Bug 1088564 - "ssh-agent" is not started on login to Plasma5-Wayland
"ssh-agent" is not started on login to Plasma5-Wayland
Status: NEW
: 1182869 (view as bug list)
Classification: openSUSE
Product: openSUSE Distribution
Classification: openSUSE
Component: KDE Workspace (Plasma)
Leap 15.4
x86-64 SUSE Other
: P3 - Medium : Normal (vote)
: ---
Assigned To: E-Mail List
E-mail List
:
Depends on:
Blocks:
  Show dependency treegraph
 
Reported: 2018-04-08 01:08 UTC by Neil Rickert
Modified: 2022-07-26 12:32 UTC (History)
9 users (show)

See Also:
Found By: ---
Services Priority:
Business Priority:
Blocker: ---
Marketing QA Status: ---
IT Deployment: ---


Attachments

Note You need to log in before you can comment on or make changes to this bug.
Description Neil Rickert 2018-04-08 01:08:03 UTC
User-Agent:       Mozilla/5.0 (X11; Linux x86_64; rv:52.0) Gecko/20100101 Firefox/52.0
Build Identifier: 

This happens in both Leap 15.0 and Tumbleweed.

When I login to a Plasma5-Wayland session, "ssh-agent" is not running for the desktop session.  This happens whether I use SDDM or GDM for the login manager.

I'm aware that Plasma5-Wayland isn't really ready for prime time.  Still, it would be nice to have this fixed by the time Leap 15.0 is officially released.

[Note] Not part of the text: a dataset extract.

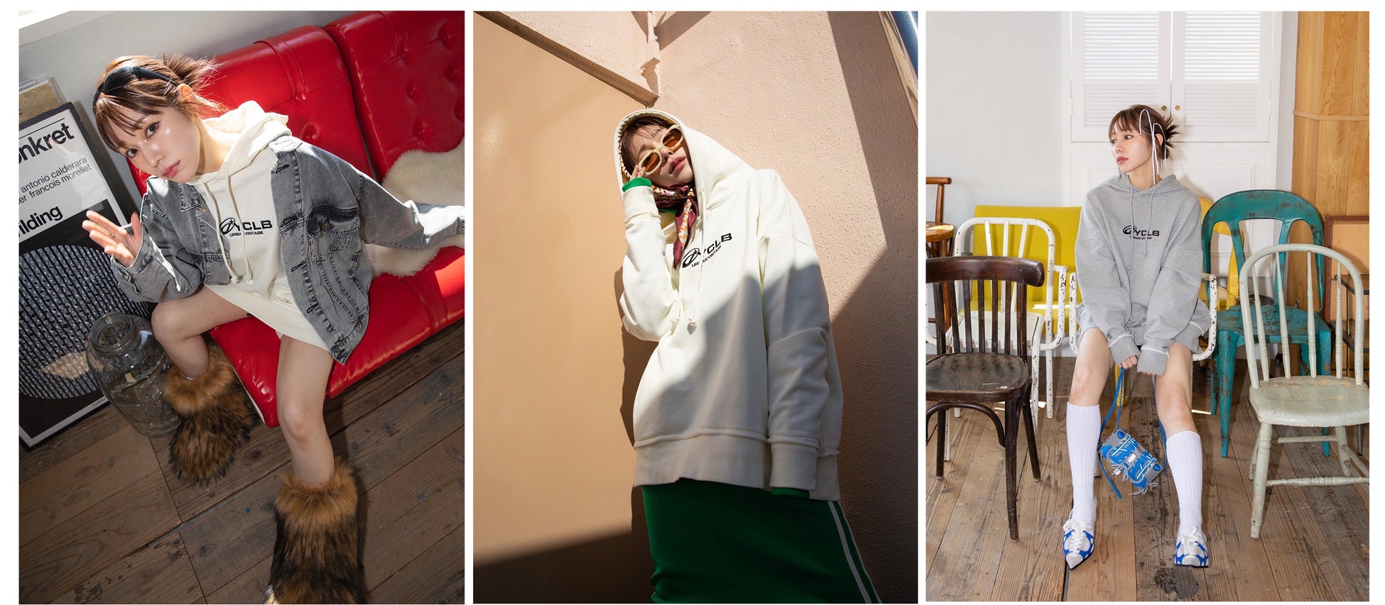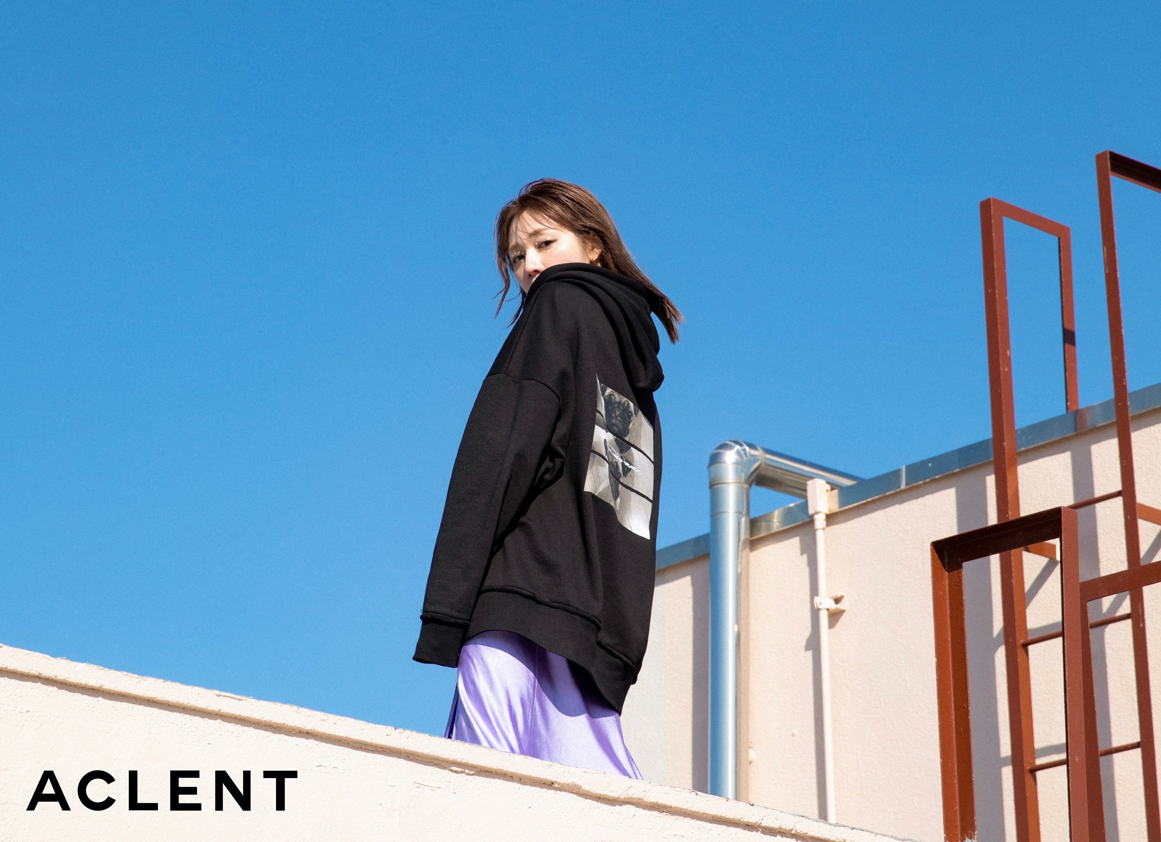 「小柄な方から長身の方までが着ていただけるサイジング」をテーマにフードの大きさ、ボリューム感までこだわりました。バックデザインには古川優香さんの愛犬”ふくちゃん”をグラフィックフォトプリントに落とし込み、裾のダメージ加工でヴィンテージ感をプラス。フロントデザインにはコラボレーション限定の”YACLB”ロゴと、ACLENTのaをモチーフにしたオリジナルロゴを取り入れ、コラボレーションならではのデザインとなっております。

My current workaround -- I'm starting "ssh-agent" in the shell startup file (with cross checks so that it isn't started if already running).

Reproducible: Always
Comment 1 Fabian Vogt 2018-04-18 17:36:39 UTC
ssh-agent is never started by itself - how did you configure autostart?
Comment 2 Wolfgang Bauer 2018-04-18 17:46:45 UTC
(In reply to Fabian Vogt from comment #1)
> ssh-agent is never started by itself

It is started by /etc/X11/xdm/sys.xsession if a gpg config is found in the user's home.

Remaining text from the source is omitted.